Tomé su mano y la invité a leer un libro nuevo. Vi de reojo su expresión, con esa chispa entre deseo y complicidad. Era la primera vez que estábamos juntos, en esa habitación, con una copa de vino corriendo por nuestras venas y la cálida luz de la tarde atravesando las persianas.

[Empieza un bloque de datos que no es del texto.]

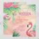Coola handflatan lämnar och rosa flamingos. Den här inbjudan är lätt att anpassa för evenemanget genom att helt enkelt lägga till information.

Con cuidado quité el celofán que lo cubría. Fue un descubrimiento poder observar la portada, hermoso título sugerente y bella caligrafía. Su dedo se posó en el nombre del autor y delineo las letras. Nuestras miradas se cruzaron, mientras yo lo giraba un poco para sentir el lomo.

Este era terso, como una perla. Invitaba a repasar con la palma su longitud, de arriba hacia abajo. Lento, disfrutando cada sensación y guardándola en la memoria. Sentados en la cama, nos quitamos los zapatos y leímos la contraportada. Interesante, llena de misterio y pasión. Nos desesperábamos por abrir el libro y repasar sus hojas, una a una, pero también es cierto que ese juego previo nos hacía desearlo cada vez más. No podíamos dejar que el ansía del momento nos robara esos instantes. No porque no fuera a haber más libros, sino porque este primero marcaría el ritmo de las lecturas venideras.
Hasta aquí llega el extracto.